Pure fructose frequently confused with high fructose corn syrup

March 04, 2009

WASHINGTON, DC - As researchers continue to examine the role of sweeteners in the diet, it's important that people understand the differences among various ingredients used in scientific studies, according to the Corn Refiners Association (CRA). Interchanging two distinctly different ingredients, such as pure fructose and high fructose corn syrup, creates factually incorrect conclusions and misleads consumers.

Recent studies using pure fructose that purport to show that the body processes high fructose corn syrup differently than other sugars due to fructose content are a classic example of this problem because pure fructose cannot be extrapolated to high fructose corn syrup. The abnormally high levels of pure fructose used in these studies are not found in the human diet.

Fructose consumption at normal human dietary levels and as part of a balanced diet has not been shown to yield such results.

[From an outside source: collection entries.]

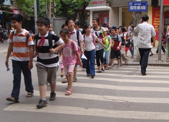 | Children cross Nguyen Huu Huan street in Hanoi (Photo: dangcongsan.vn) |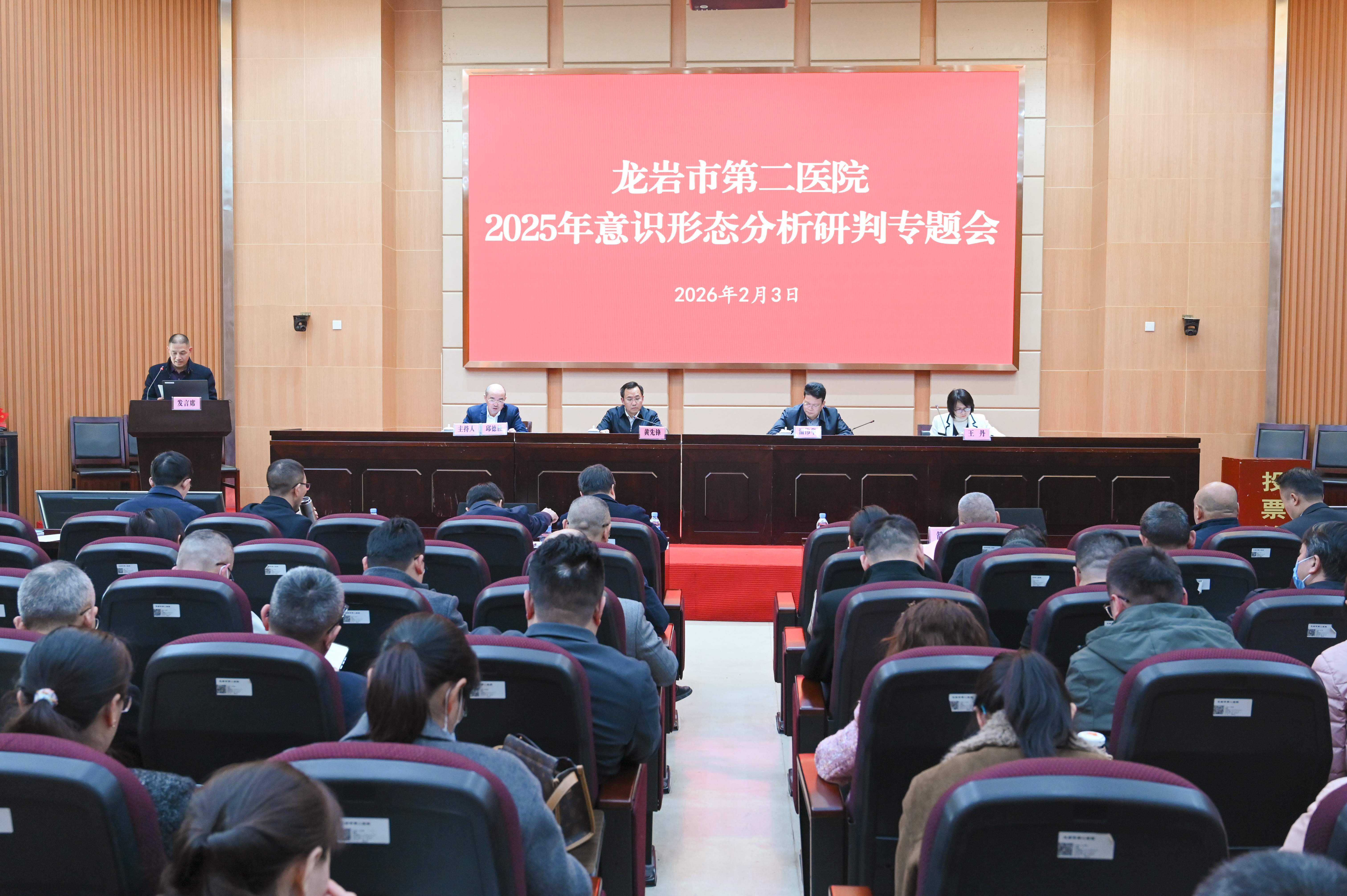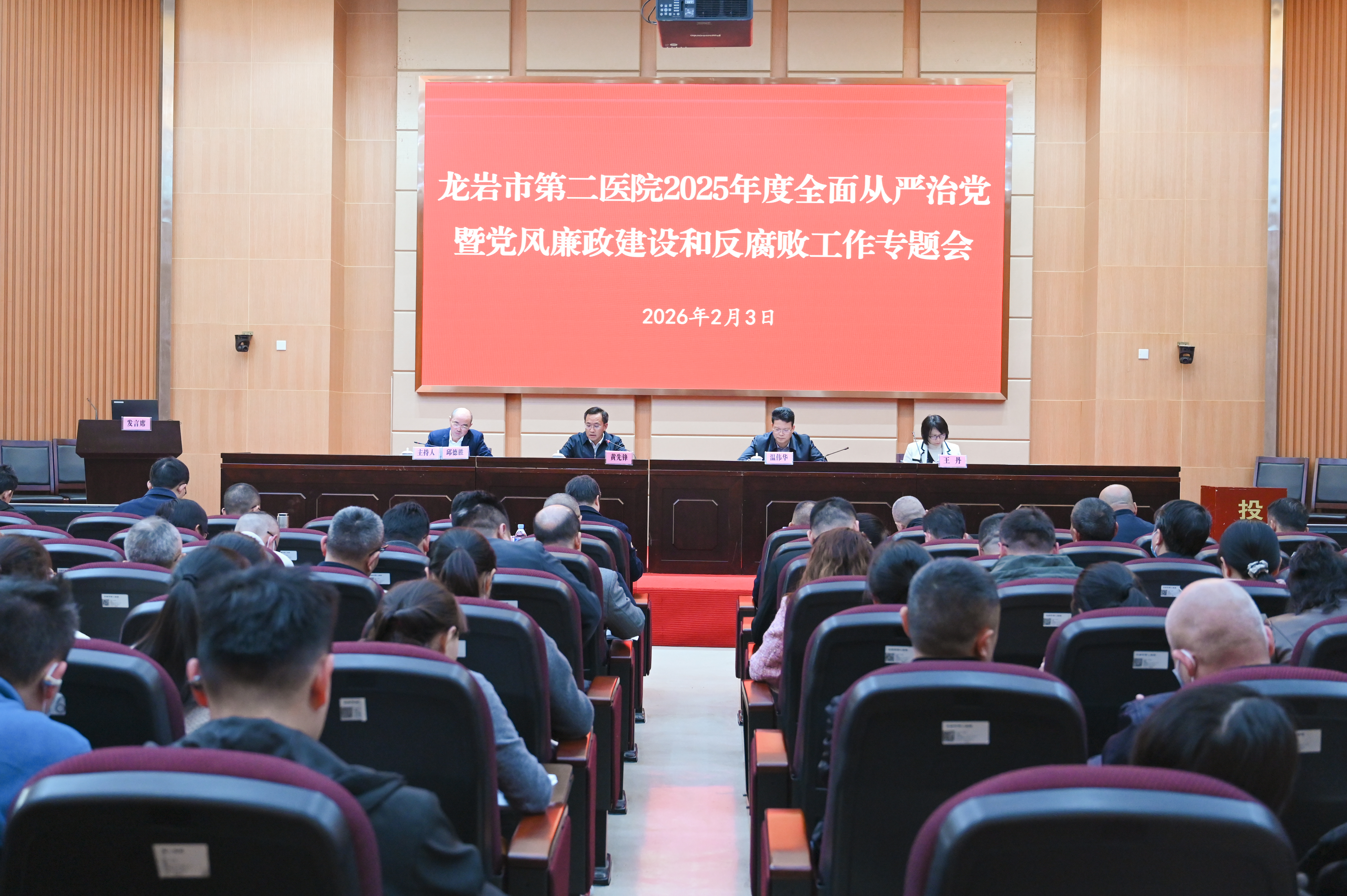 2月3日,龙岩市第二医院召开2025年第二次全面从严治党暨党风廉政建设和反腐败工作、政治生态分析研判、意识形态分析研判专题会议。市纪委监委驻市卫健委纪检监察组长温伟华、市卫健行业党委王丹到会指导。医院领导班子成员、全院中层干部参加会议。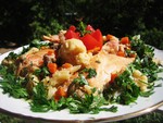 Рисовая лапша с куриной печенью и овощами, почти по-корейски.

Moreover, human fructose intake is nearly always accompanied by the simultaneous and equivalent intake of glucose - a critical and distinguishing factor from pure fructose used in these studies.

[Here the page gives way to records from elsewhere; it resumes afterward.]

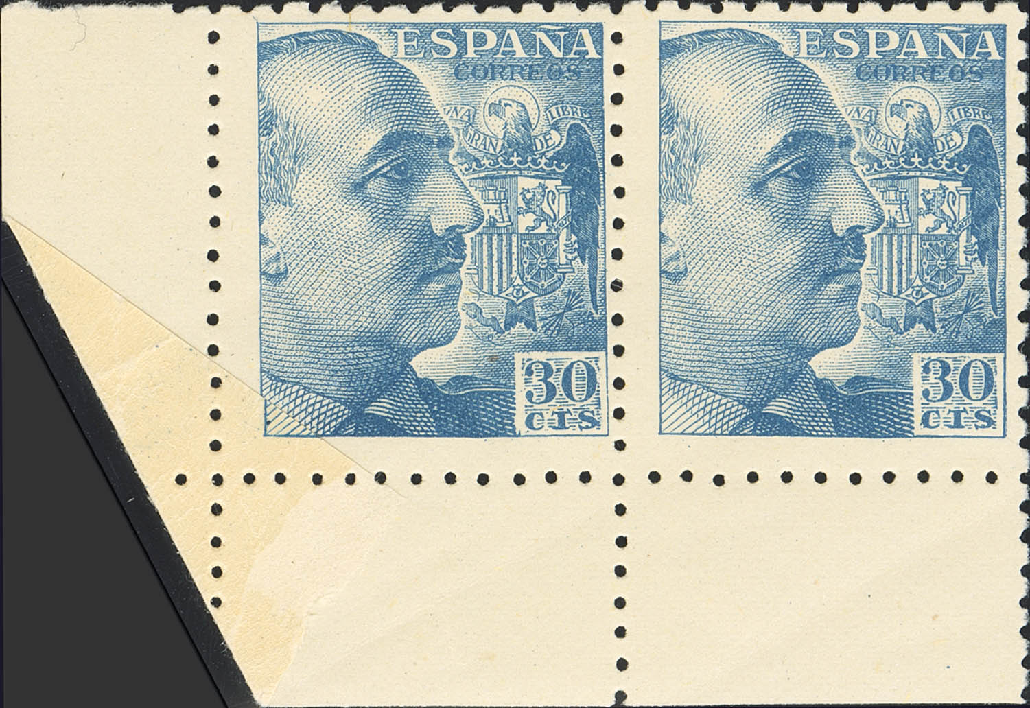 ★★ 924(2). 1939. 30 cts azul, pareja, esquina de pliego. Un sello IMPRESION PARCIAL, originada por pliegue del papel. MAGNIFICA.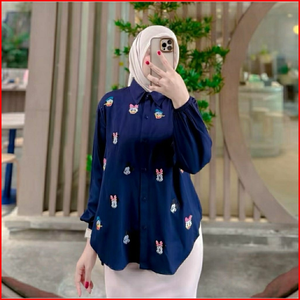 Kemeja Mickey Atasan Wanita Bordir Lucu Rayon Twill Polos Premium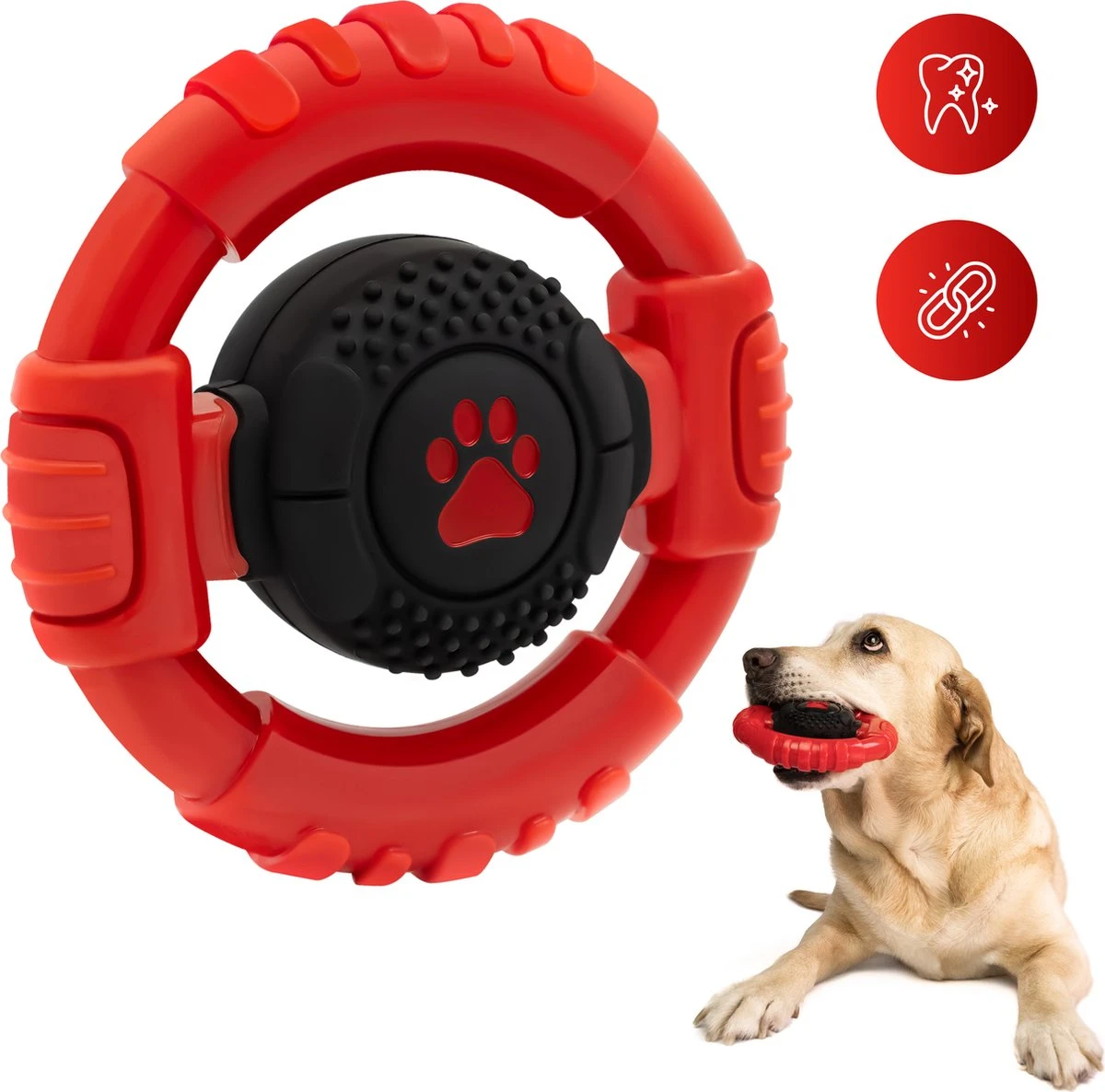 De structuur van het kauw stuurwiel zorgt ervoor dat de tanden en het tandvlees gemasseerd worden. Het speelgoed zorgt dus voor eindeloos kauwplezier en helpt bij het verzorgen van het gebit.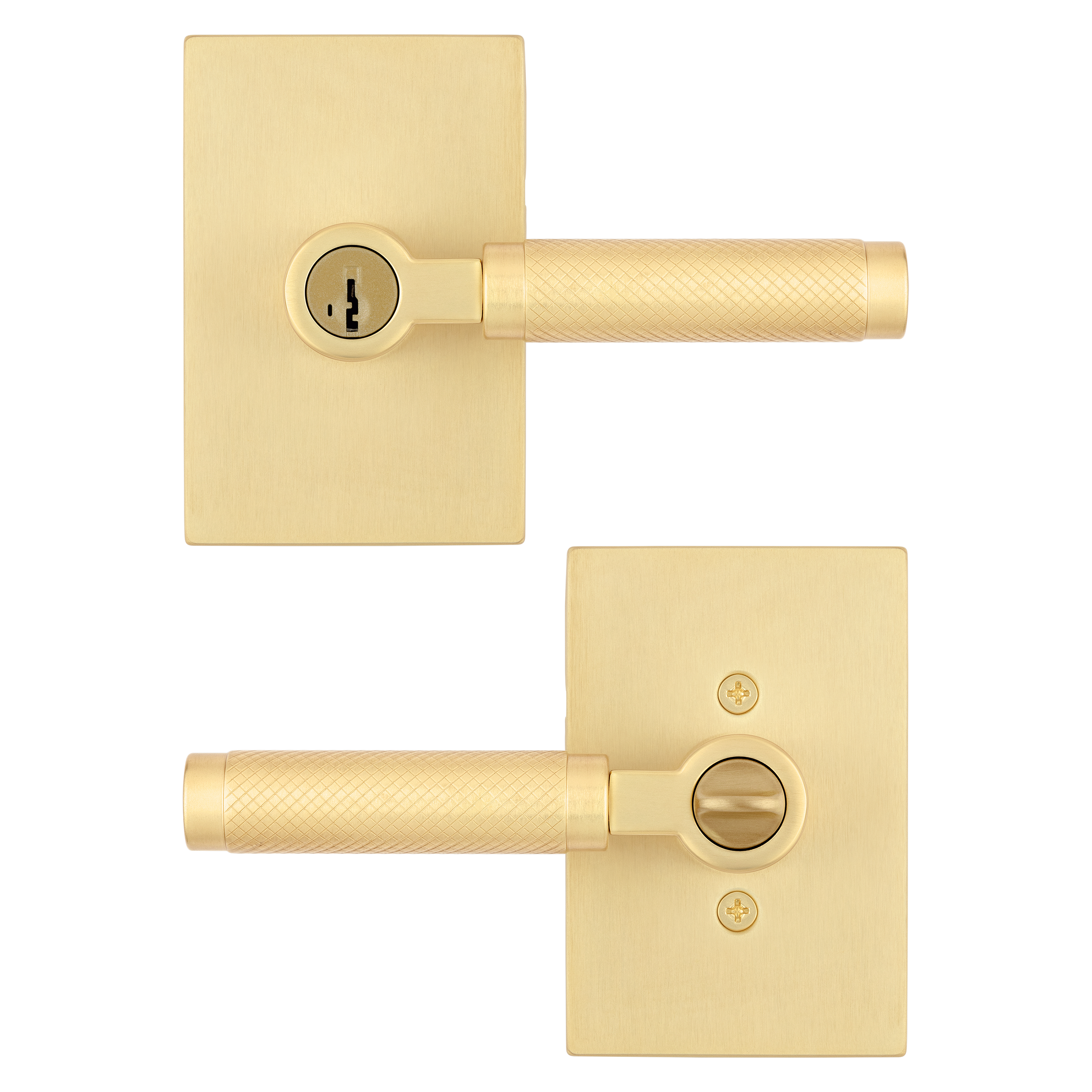 Keyed Entry: Use on doors where extra security is needed, turn piece interior locking, exterior locking using a key. Recommended for exterior-facing doors

Following are some facts about high fructose corn syrup and fructose: The American Medical Association in June 2008 helped put to rest a common misunderstanding about high fructose corn syrup and obesity, stating that "high fructose syrup does not appear to contribute to obesity more than other caloric sweeteners." Even former critics of high fructose corn syrup dispelled long-held myths and distanced themselves from earlier speculation about the sweetener's link to obesity in a comprehensive scientific review published in a recent supplement of the American Journal of Clinical Nutrition (2008 Vol. 88).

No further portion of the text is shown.